As such, client file that exhibit light weight tamper resistance property stored in external memory can be used. The advantage of using this special client file is portability and ease of acquirement especially in schools online portals, online resources portal and e-commerce portals. A technique to make a client file in an external memory to exhibit a light weight tamper resistance property is proposed. The characteristics and design considerations that make smart card tamper resistance is reviewed. Characteristics or features that will make a client file to exhibit light weight tamper resistance property are formulated. The basic system design and software design of the proposed client file is presented and modeled. This will enable implementation of the proposed system using any prepared programming or scripting language of one’s choice. The Kumari et al., (2014) scheme which is the latest research that uses external memory for remote user authentication has been reviewed. The proposed scheme and reviewed scheme are also evaluated for efficiency, tamper resistance and impersonation attack.
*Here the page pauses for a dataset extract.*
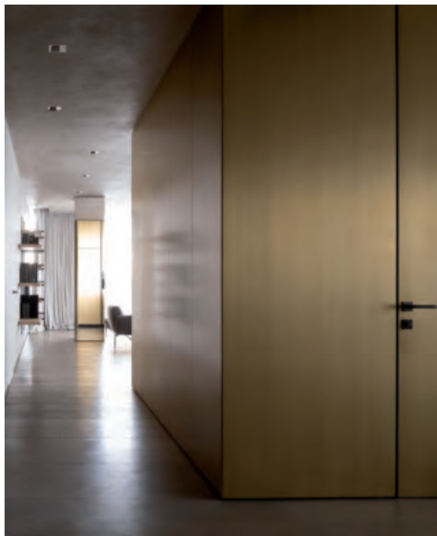
Rivestimento Boiserie in ottone satinato Boiserie cladding system in satin brass

De Castelli handcrafted finishes give the metal surfaces a special character, able to interpret the personality of the environment of which it becomes an integral part. The brass cladding in satin finish selected for the interiors of this refined apartment in Moscow dialogues with the environment around reflecting its bright and lively mood. Refined and timeless, the atmosphere has no boundaries: the project is characterized by a fluent style, from the kitchen to the living area in a harmonious continuity. The wonderful Xila kitchen covered in satin finished brass is the result of our established partnership with Boffi, that has selected some exclusive metal finishes by De Castelli for their kitchens.

The contributions of this research are as follows:

  • 1.

    The techniques that will enable client file residing in an external memory to exhibit light weight tamper resistance property are formulated. Followed strictly this feature during the design and implementation of the client file system will make it to be light weight tamperproof.

  • 2.

    The design and modeling of the proposed client file system is presented. This will enable its implementation and deployment using any programming language or scripting language of one’s choice.

The rest of this research is presented as follows: section 2 is literature review, section 3 is review of Kumari et al., (2014) scheme, section 4 is smart design review, section 5 is proposed light weight tamper resistance client file design presentation, section 6 is evaluation of the proposed system and section 7 is conclusion.